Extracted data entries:
↓↓↓
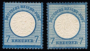 7 Kr. blau tadellos postfrisch, sowie mit Plattenfehler von Feld 77, "Rahmenbruch unter linker Wertziffer", tadellos ungebraucht (hierfür Fotoexp. Krug). Mi. 400,-
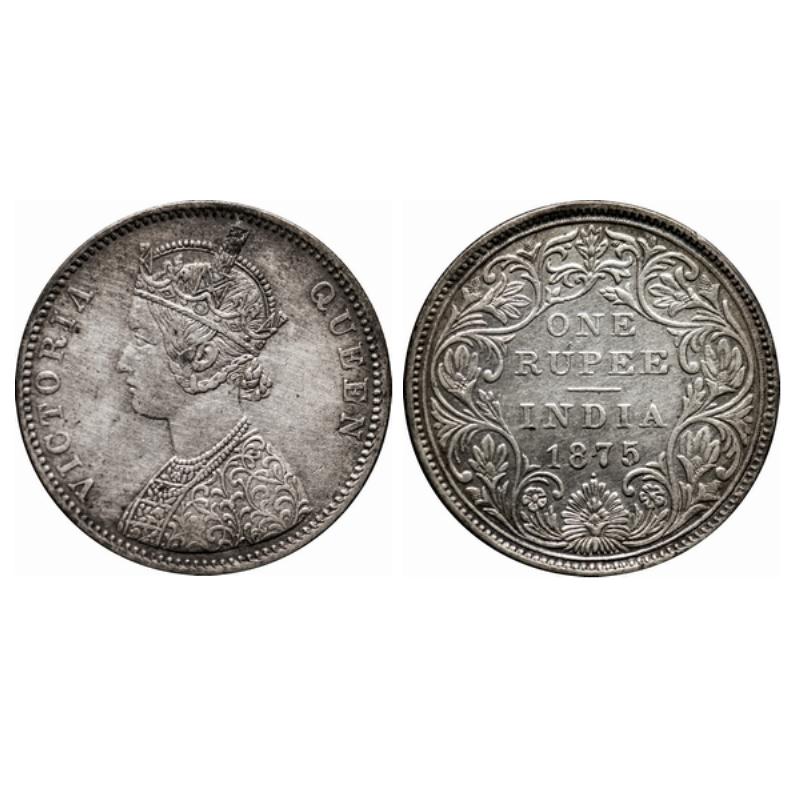 Victoria Queen, Silver, Rupee, 1875, Bombay Mint, A2/II, Dot, Top stroke of numeral 5 is long. GK 424.
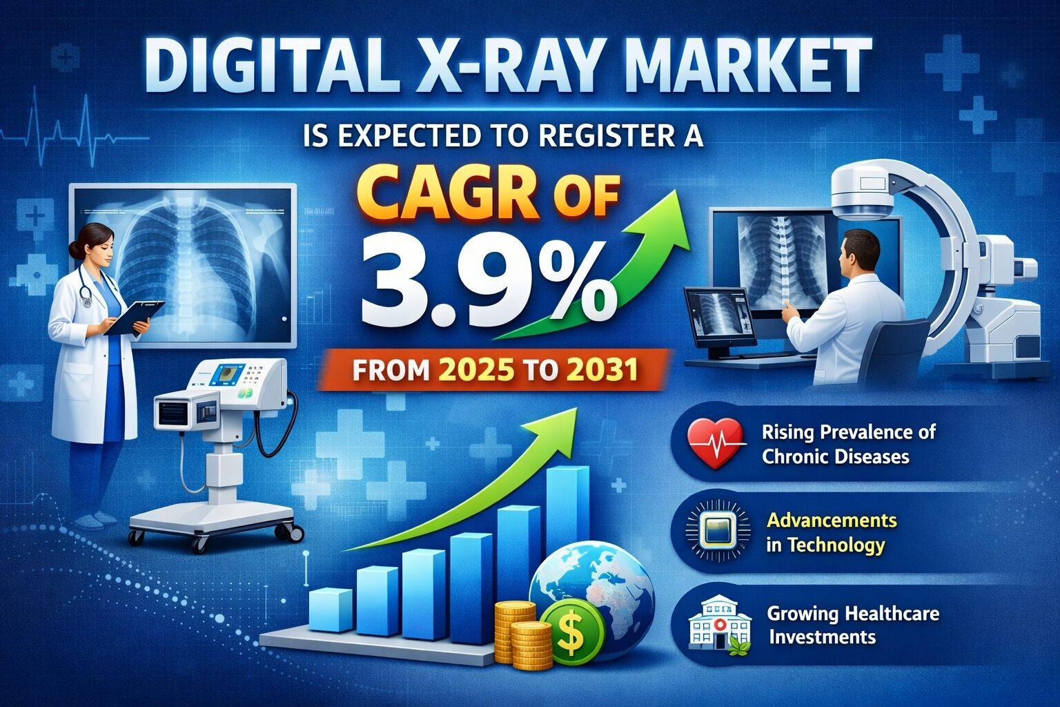 The  Digital X-Ray Market  is expected to register a CAGR of 3.9% from 2025 to 2031.  Growth is supported by increasing investments in healthcare infrastructure, rising demand for diagnostic imaging, and the growing prevalence of chronic diseases. Digital X-ray systems are widely used in many clinical applications including orthopedics, oncology, cardiology, and dental diagnostics. These systems allow physicians to detect diseases at earlier stages and support more accurate treatment planning.
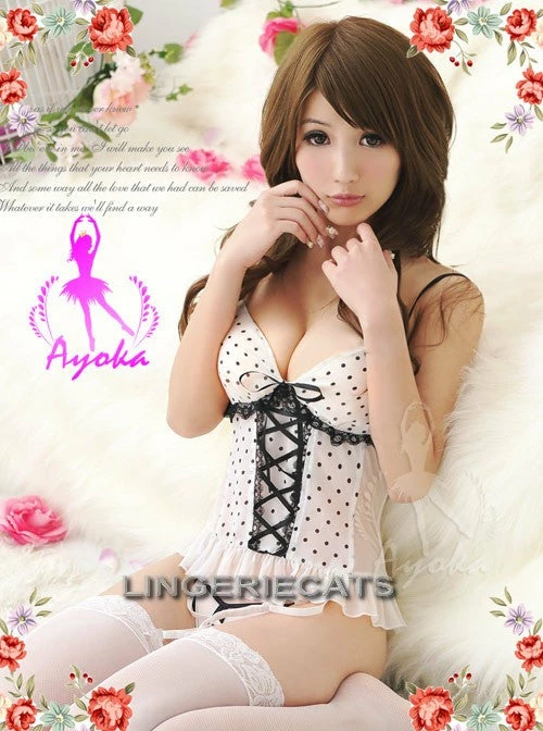 ◆Content:One sexy set of 4 PCS pack including the corset, designed G-string, suspender belts & sheer lace top stockings.
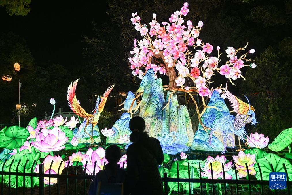 当日,《上元灯彩图》非遗艺术展在南京白鹭洲公园正式亮灯,艺术展将灯彩主题与《上元灯彩图》的文化内涵进行深度融合,设置瑞兽闹春、鱼跃福运、鸟语花香、上元灯市、蝶舞鹿悦、十里灯街六大主题展区,为游客带来全新的赏灯体验。
↑↑↑
* **Activity**
Repeat, with no pictures, every line from the top of the entries above through the line that has "Victoria Queen, Silver, Rupee, 1875, Bombay", keeping each one exact.

* **Completed exercise**
 7 Kr. blau tadellos postfrisch, sowie mit Plattenfehler von Feld 77, "Rahmenbruch unter linker Wertziffer", tadellos ungebraucht (hierfür Fotoexp. Krug). Mi. 400,-
 Victoria Queen, Silver, Rupee, 1875, Bombay Mint, A2/II, Dot, Top stroke of numeral 5 is long. GK 424.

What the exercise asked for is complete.